Sunday, 9 September 2012

In the archives of the Science Museum...

One of the things I love about being a designer is the strange places and worlds your ideas can take you. Recently I was lucky enough to be able to access the Science Museum archives as I had been researching a particular idea for my upcoming exhibition at The Lighthouse.  It turns out that the Science Museum has a whole room dedicated to meteorological equipment dating back to at least the 1800s which was perfect for my line of enquiry....

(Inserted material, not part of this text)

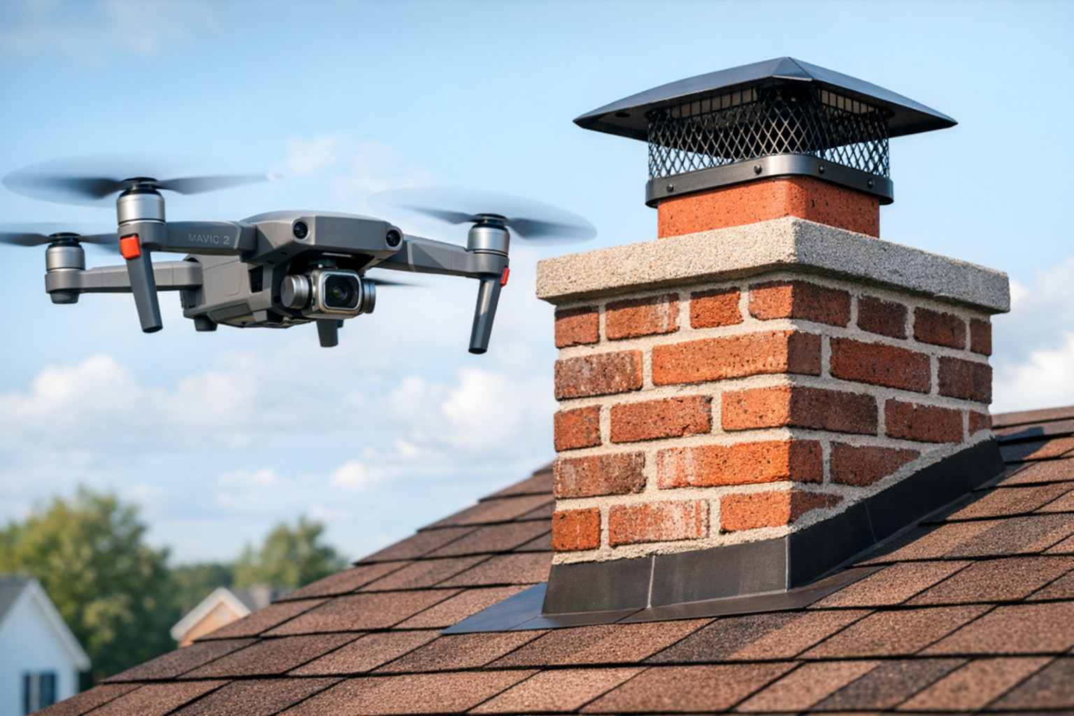 Identify cracks, loose bricks, crown damage, flashing issues, and chimney‑cap problems with accurate aerial imaging.
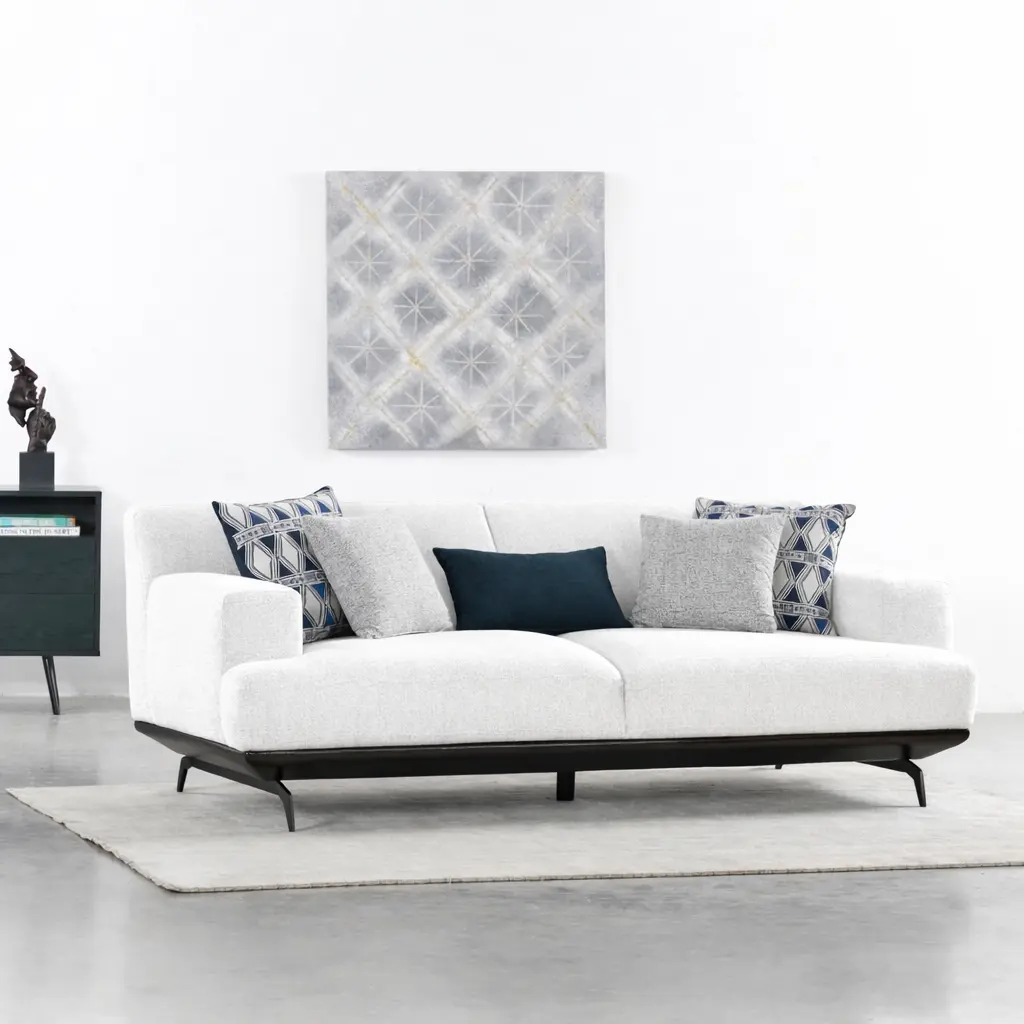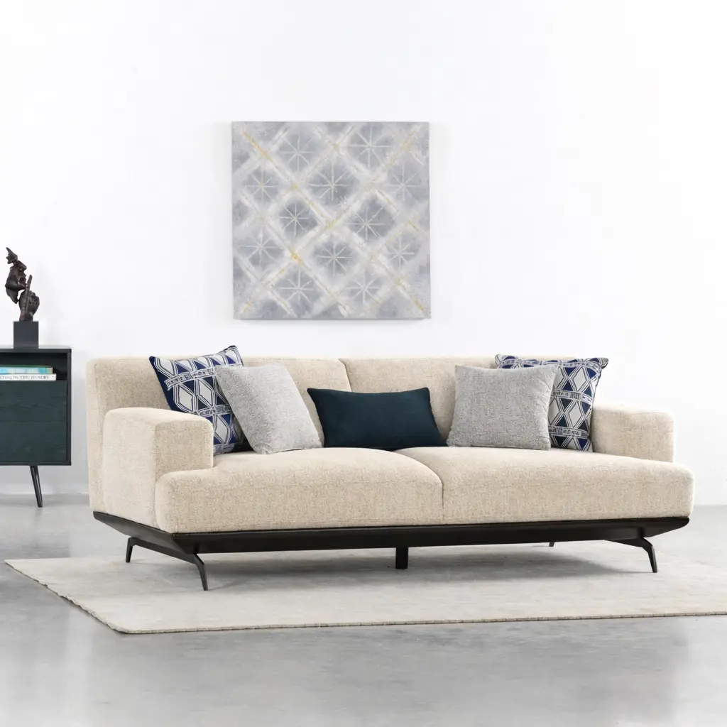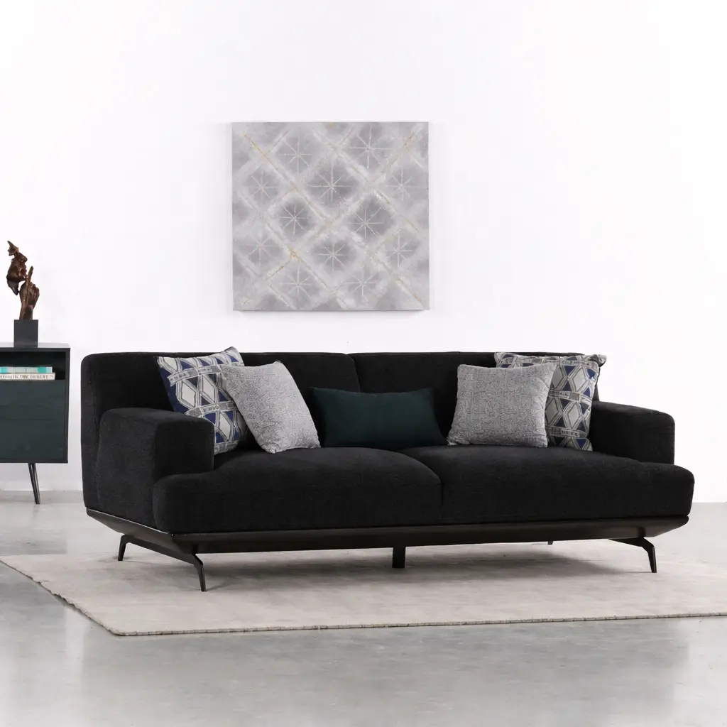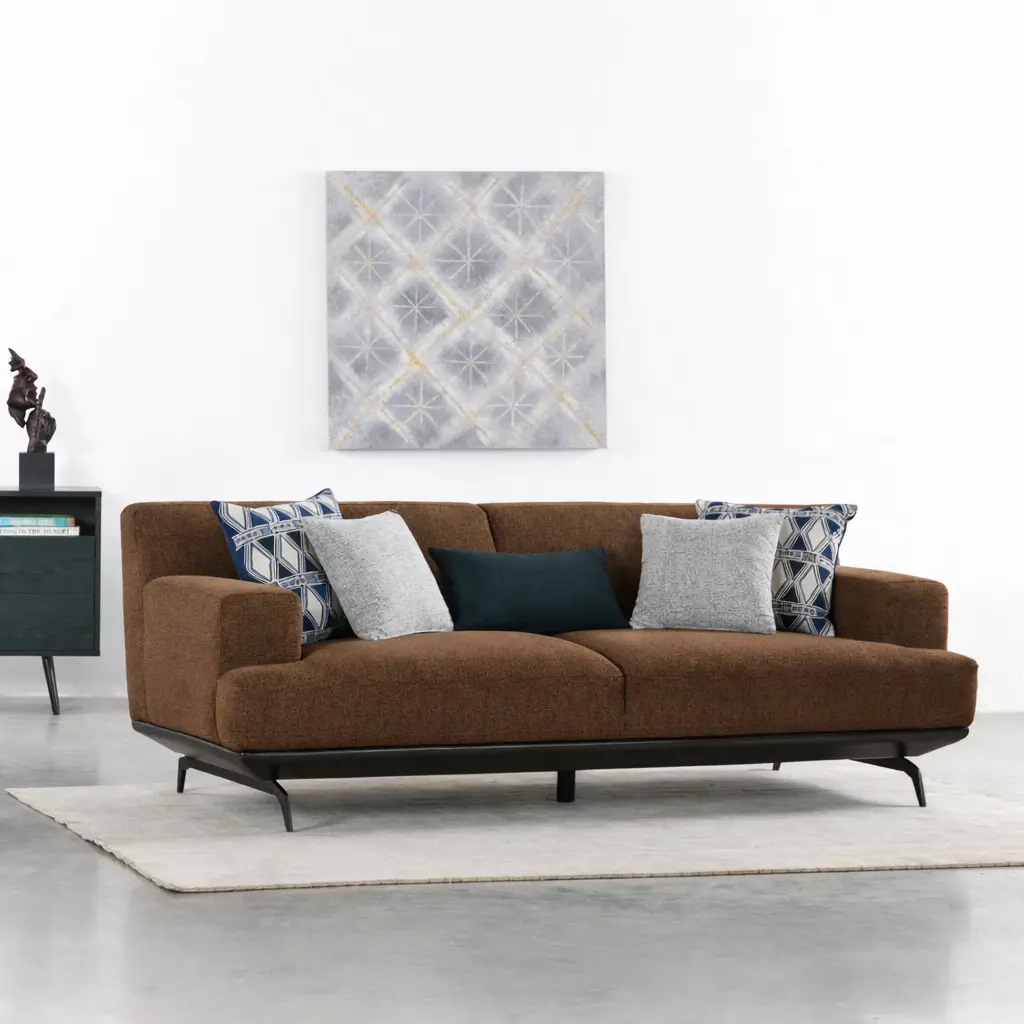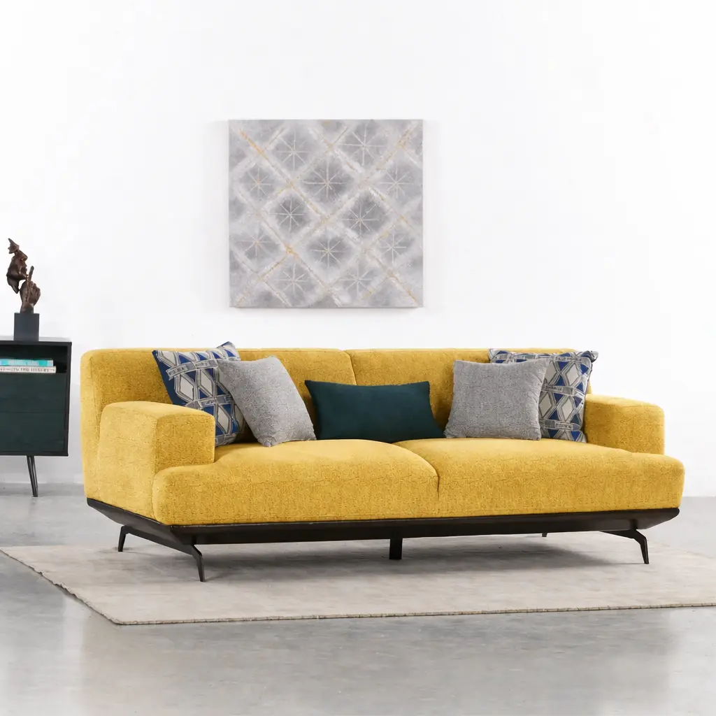 تم تصنيع الهيكل من خشب معزز يمنح الكنبة ثباتًا مناسبًا مع مرور الوقت، مع الاعتماد على خامات عالية الجودة في التنجيد لضمان تحمل الاستخدام اليومي. كما تأتي الأرجل بتصميم معدني قوي يضيف استقرارًا إضافيًا ويكمل الشكل العام للكنبة بطريقة متناسقة.

I am quite a lover and collector of old things, as I know are many people. I love looking at objects from a previous decade or era and thinking about how they would have been used and the story behind each piece. So to be able to go into the archives at the Science Museum  and see beautiful objects from their collection was a bit of a dream come true. As soon as you step off the street in the west end of London and enter the beautiful old building that houses the majority of their smaller pieces, you feel like you've stepped back in time. The building itself used to be the Post Office Savings Bank and it has corridors and staircases that make you think you've walked onto a film set - in fact, the lovely staff member that assisted my visit said the place is often hired by film companies to shoot scenes (it turns out I missed a hollywood legend by a day!).

As we walked down beautiful corridors, turning on lights as we went, it felt like a real privilege to be somewhere so special. As we walked into the room I wanted to access, I was immediately hit by the smell of old stuff. Putting on latex gloves, I was then given free reign to touch and photograph the objects I had requested. The bonus of the trip was that I could also look amongst the shelves at all the other objects and pull out things I hadn't requested, but appealed to me, which was a welcome surprise.

Twelve months ago I had limited knowledge about weather related things, but now I feel like I am becoming a bit of a weather geek. This is one of the reasons I love what I do, the weird knowledge you accrue is sometimes bizarre but it's also funny to think about how excited you can get over a Vertical Gustiness Meter from 1882.